Calculus Lecture Notes

These flashcards cover important concepts and definitions in Calculus based on the lecture notes.

Limit

The value a function approaches as x approaches a number.

Continuity

A function is continuous if the limit exists, the function exists, and they are equal.

Derivative

The instantaneous rate of change and slope of the tangent line.

Chain Rule

Take the derivative of the outside times the derivative of the inside.

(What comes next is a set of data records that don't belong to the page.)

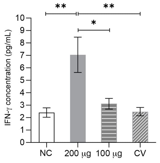 IFN-γ is a crucial cytokine in the Th1 cellular response, which induces the removal of infected cells with the intracellular pathogen. As IFN-γ transcript levels were significantly increased in the longer time evaluated (14 weeks) during the previous assay, we also measured IFN-γ cytokine levels in the supernatant of lymphocyte cultures with a commercial ELISA kit. The results revealed a significant increase in IFN-γ levels at a 200 μg dose, with values around 7 pg/mL (Figure 6). No levels of IFN-γ were detected in the commercial vaccine group.
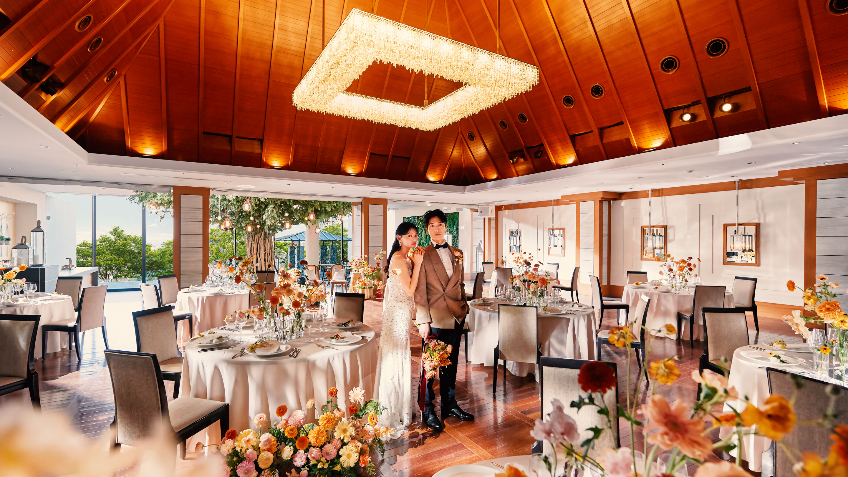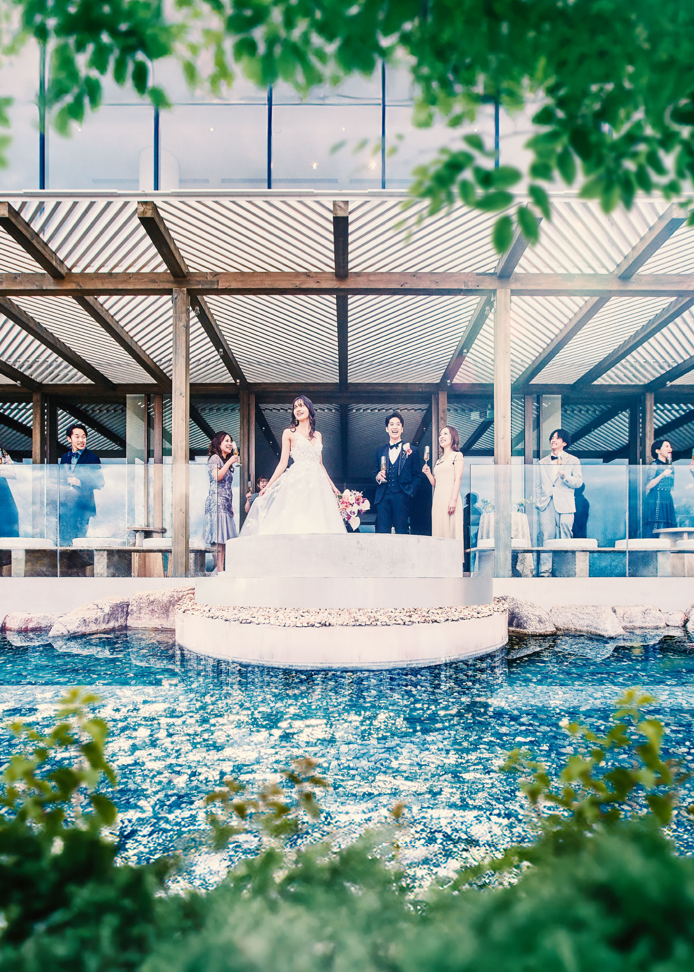 隣接のテラスに出ると、心地よい水音が響くウォーターコテージが。このスペースももちろん、当日おふたりだけの貸切となります。お好みのアイテムを飾り、異国のリゾートで過ごす感覚のゆったりで温かなパーティをお楽しみください。
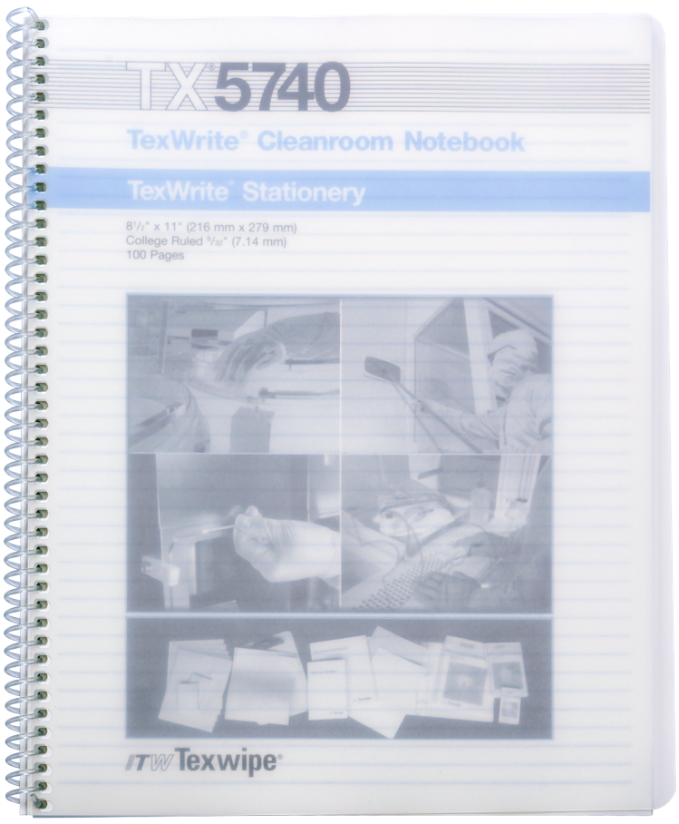 TexWrite® spiral-bound cleanroom notebooks are used for note taking and data recording in the cleanroom. These cleanroom notebooks feature high-density polyethylene covers, plastic spirals and durable TexWrite® copolymer cleanroom paper. Pages are printed with IPA resistant, low-sodium ink for reduced ionic contamination. Notebooks lie flat and pages rotate freely for ease of use.
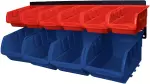 For garage, home, office or garden. Heavy duty metal bracket. Mountable directly to wall studs. Removable bins are convenient and easily accessible. Includes screw and wall anchors. Powder coated steel resists corrosion. Includes 6 small bi
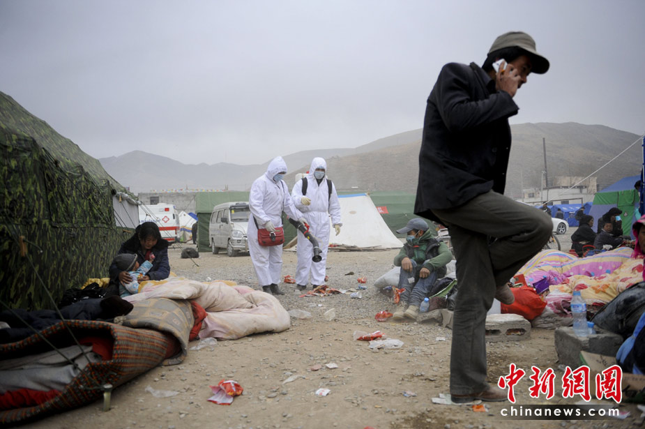 4月16日,青海玉樹體育場地震災民安置點,青海疾控中心展開防疫消毒工作。中新社發(fā) 廖攀 攝
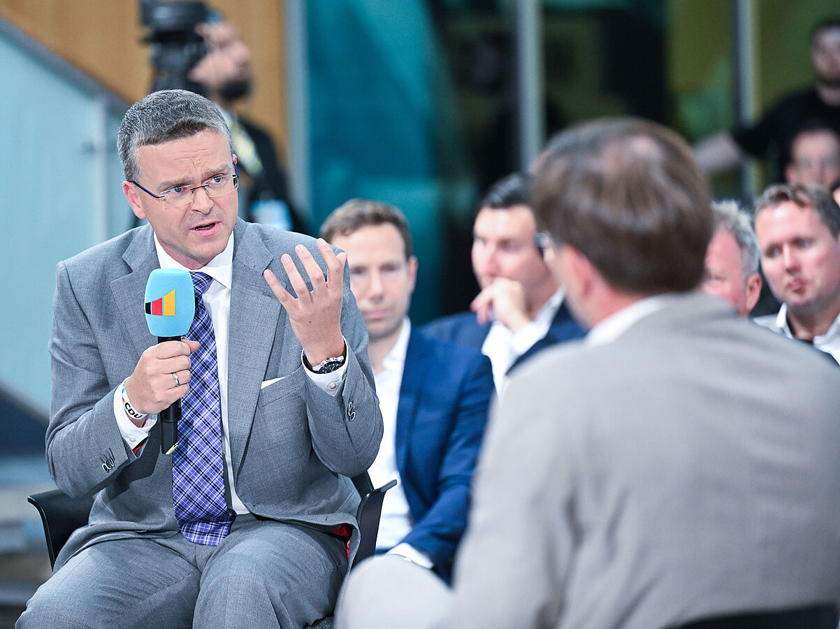 100 Milliarden Euro Sondervermögen, schön und gut: Aber der planerische Bedarf der Bundeswehr liegt bei 286 Milliarden Euro. Das sei die Lage und nichts anderes, erklärt der Bundesvorsitzende Oberst André Wüstner im Gespräch mit Professor Sönke Neitzel bei der Diskussion beim CDU-Panel im Konrad-Adenauer-Haus. Foto: Nils Hasenau

Intermediate Value Theorem (IVT)

A continuous function takes all values between two points.

Mean Value Theorem (MVT)

There is a point where instantaneous rate equals average rate given the function is continuous on [a,b] and differentiable on (a,b).

Rolle’s Theorem

If endpoints are equal, there is a point where the derivative is zero.

Critical Point

Where the derivative is zero or undefined.

Concave Up

Second derivative is positive.

Inflection Point

Where concavity changes.

Integral

Accumulation, often the area under a curve.

Antiderivative

The reverse of a derivative.

Definite Integral

Net area between a function and the x-axis.

+C in Antiderivatives

Added because there are multiple antiderivatives.

Displacement

Net change in position.

Fundamental Theorem of Calculus (FTC)

Connects derivatives and integrals.

FTC Part 1

The derivative of an integral gives the function.

FTC Part 2

Evaluate integrals using F(b) − F(a).

f’(x)

Tells you the slope and whether the function is increasing or decreasing.

f’’(x)

Tells you the concavity.

Logs

Inverses of exponents.

Common Mistake with Limits

Not simplifying 0/0.

Common Mistake with Derivatives

Forgetting the chain rule.

Common Mistake with Integrals

Forgetting +C or misusing F(b) - F(a).